Department of Cardiology, Gazi Yaşargil Training and Research Hospital, Diyarbakır, Turkey.
Department of Cardiology, Hisar Intercontinental Hospital, İstanbul, Turkey.
Ann Noninvasive Electrocardiol. 2020 Mar;25(2):e12702. doi: 10.1111/anec.12702. Epub 2019 Sep 22.
Current literature lacks a definitive threshold of idiopathic premature ventricular complex (PVC) burden for predicting cardiomyopathy (CMP). The main objective of the present study was to evaluate relationship between the PVC burden and left ventricular ejection fraction (LVEF).
This multicenter, cross-sectional study included 341 consecutive patients with more than 1,000 idiopathic PVC in 24 hr of Holter monitoring admitted to the cardiology clinics between January 2019 and May 2019 in the nineteen different centers.

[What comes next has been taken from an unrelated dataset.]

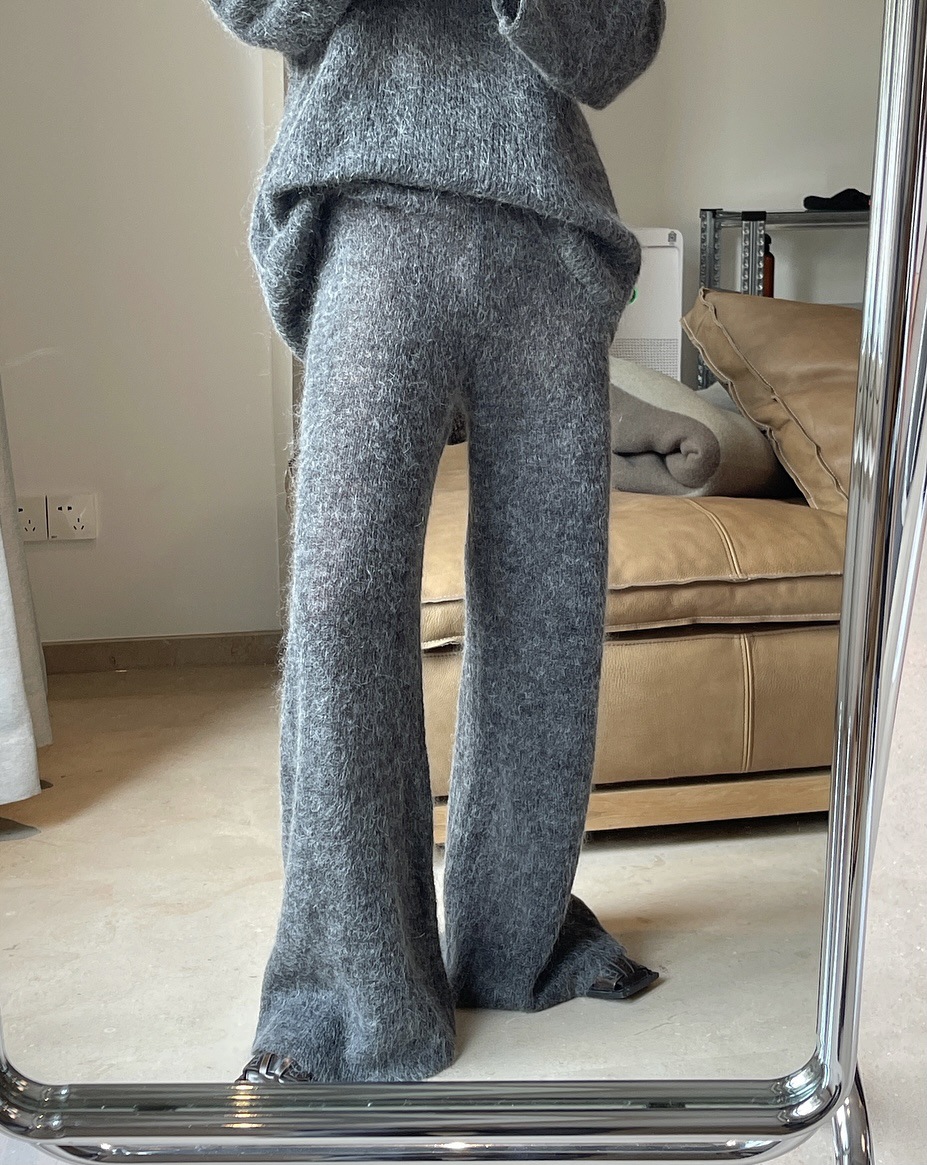 봄 새로운 한국 스타일 게으른 미스티 모헤어 니트 캐주얼 바지 느슨한 슬리밍 하이 웨이스트 와이드 레그 여성용 후행 바지스토어 가기

The primary outcome was the LVEF measured during the echocardiographic examination.
Overall, the median age was 50 (38-60) and 139 (49.4%) were female. Percentage of median PVC burden was 9% (IQR: 4%-17.4%). Median LVEF was found 60% (55-65). We used proportional odds logistic regression method to examine the relationship between continuous LVEF and candidate predictors. Increase in PVC burden (%) (regression coefficient (RE) -0.644 and 95% CI -1.063, -0.225, p < .001), PVC QRS duration (RE-0.191 and 95% CI -0.529, 0.148, p = .049), and age (RE-0.249 and 95% CI -0.442, -0.056, p = .018) were associated with decrease in LVEF. This inverse relationship between the PVC burden and LVEF become more prominent when PVC burden was above 5%. A nomogram developed to estimate the individual risk for decrease in LVEF.

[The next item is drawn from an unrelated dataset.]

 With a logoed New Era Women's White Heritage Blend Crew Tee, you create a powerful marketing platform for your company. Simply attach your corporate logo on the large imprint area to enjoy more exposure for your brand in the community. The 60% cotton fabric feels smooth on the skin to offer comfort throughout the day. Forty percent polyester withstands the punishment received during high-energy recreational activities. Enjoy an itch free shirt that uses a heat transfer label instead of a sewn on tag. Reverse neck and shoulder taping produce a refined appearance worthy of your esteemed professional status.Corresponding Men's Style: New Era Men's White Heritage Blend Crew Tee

Our study showed that increase in PVC burden %, age, and PVC QRS duration were independently associated with decrease in LVEF in patients with idiopathic PVC. Also, inverse relationship between PVC burden and LVEF was observed in lower PVC burden than previously known.
目前的文献缺乏特发性室性早搏(PVC)负荷预测心肌病(CMP)的明确阈值。本研究的主要目的是评估 PVC 负荷与左心室射血分数(LVEF)之间的关系。
这是一项多中心、横断面研究,纳入了 2019 年 1 月至 2019 年 5 月期间在 19 个不同中心心内科就诊的 24 小时动态心电图监测中 PVC 超过 1000 次的 341 例连续患者。主要结局是超声心动图检查中测量的 LVEF。
总体而言,中位年龄为 50(38-60)岁,139 例(49.4%)为女性。中位数 PVC 负荷百分比为 9%(IQR:4%-17.4%)。中位 LVEF 为 60%(55-65)。我们使用比例优势逻辑回归方法检查连续 LVEF 与候选预测因子之间的关系。PVC 负荷(%)增加(回归系数(RE)-0.644,95%CI-1.063,-0.225,p<0.001)、PVC QRS 持续时间(RE-0.191,95%CI-0.529,0.148,p=0.049)和年龄(RE-0.249,95%CI-0.442,-0.056,p=0.018)与 LVEF 降低相关。当 PVC 负荷超过 5%时,PVC 负荷与 LVEF 之间的这种负相关关系变得更加明显。制定了一个列线图来估计个体 LVEF 降低的风险。
我们的研究表明,在特发性 PVC 患者中,PVC 负荷增加%、年龄和 PVC QRS 持续时间与 LVEF 降低独立相关。此外,在先前已知的较低 PVC 负荷下,也观察到 PVC 负荷与 LVEF 之间的反比关系。